I don't have a lot of experience with fountain pens, so need some help.  I also don't have another kit in stock to check out the problem.  Re: Sedona FP using an ink pump.

The client indicates the ink pump is not "seating" to the nib properly.  Question is - does the pump "snap" to the nib?
Or what type of connection is correct?

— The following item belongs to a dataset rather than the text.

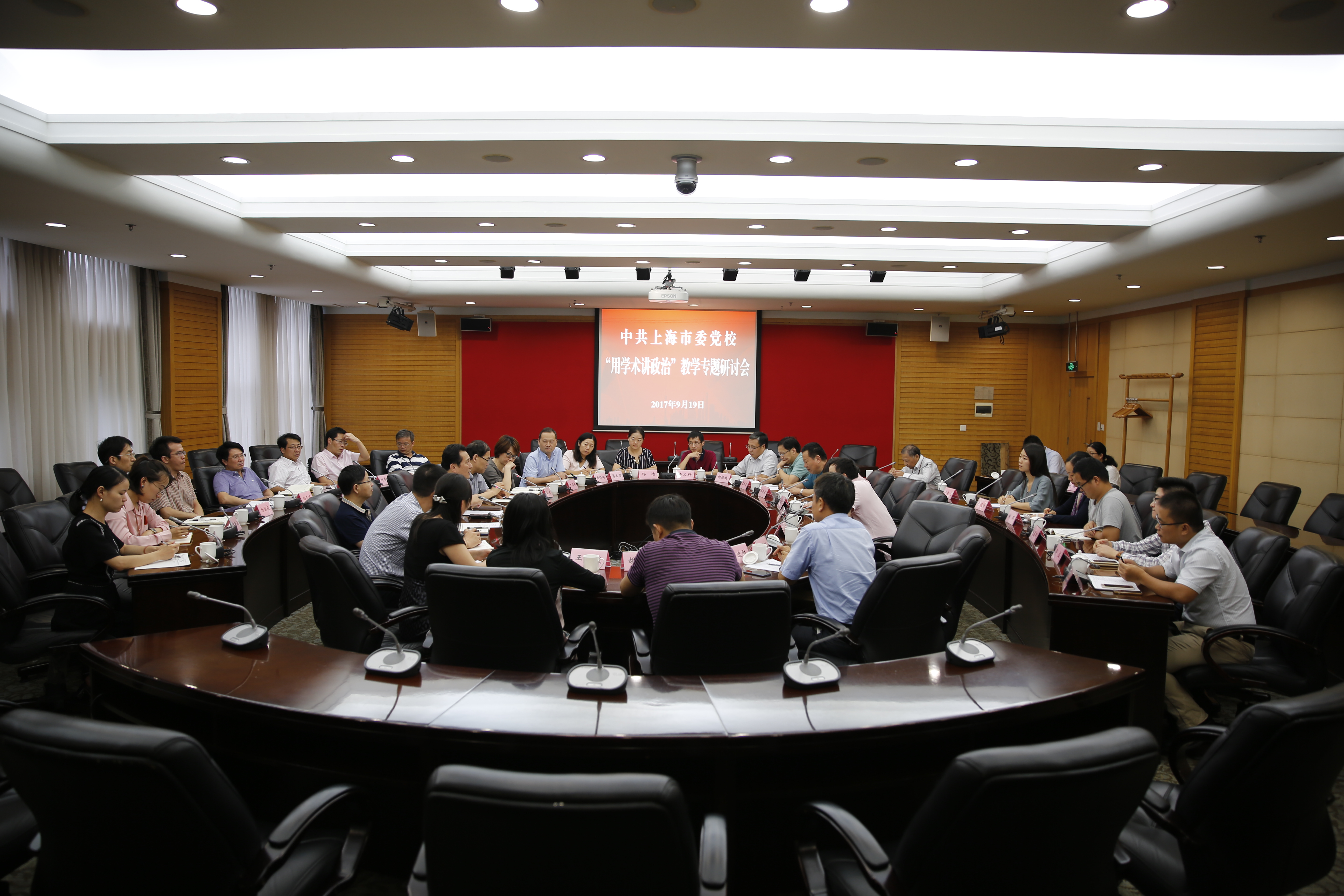 本网讯 为进一步加强我校教师的思想政治建设,教育引导教师在教学中始终牢固树立政治意识、大局意识、核心意识、看齐意识,始终严守政治纪律和政治规矩,9月19日下午,我校在海兴教学楼举行“用学术讲政治”教学专题研讨会。常务副校长沈炜同志出席并讲话。副校长曾峻同志主持会议。

Any help is appreciated.


----------



## DCBluesman (Jun 24, 2010)

It's a press fit but there is no snap.


----------



## ed4copies (Jun 24, 2010)

I have had that raised before.

Always great to have it come up when the customer has all the pieces in HIS hands and you can't see anything.

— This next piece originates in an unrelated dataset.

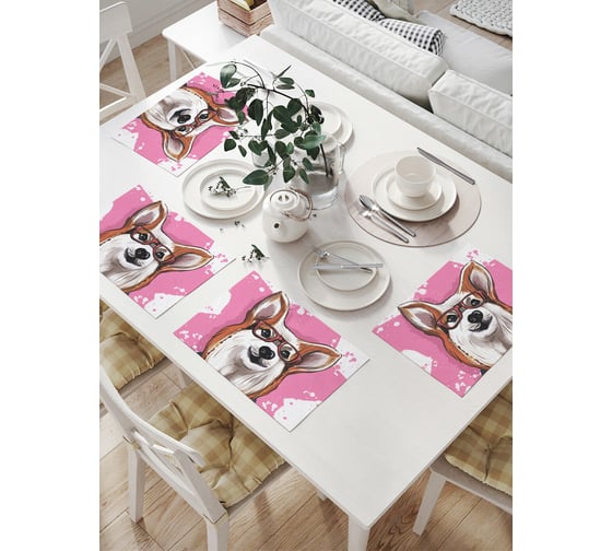 Комплект тканевых салфеток для сервировки стола JOYARTY "стильный корги", 32x46 см, 4 шт. np_385294

IF you used the one that comes with it, it should fit--but the pen buyer may be accustomed to a "different" fit, if he uses other types of "pen pumps".

The nicer "pumps" with the metal band around them don't fit very well--in fact some styles don't seat at all.

BEST answer, have him return the pen and you can find a "pump" that fits right and start over.  Any other answer and you are "flying blind".

Good luck---I lost the customer that had this problem--but there were several other problems with that baron, as well.


----------



## Rangertrek (Jun 24, 2010)

Lou, so it's just a tight friction fit?
Does it take a bit of pressure to seat it the first time?


----------



## toddlajoie (Jun 24, 2010)

My experience with the basic pumps of some the mid/low fountains (El Grande, Classic American and Euro Screwcaps) is that the pump needs to be pushed in a good bit harder than you think it should, and it will "pop" into place (not really a snap or click, just a quick firm slide) but I would say the effort is fairly well centered between "that should do it" and "something's gonna break".


----------



## pentex (Jun 24, 2010)

You really need to push hard and there is a snap in type feeling. This was very hard for me to figure out with my first FP.


----------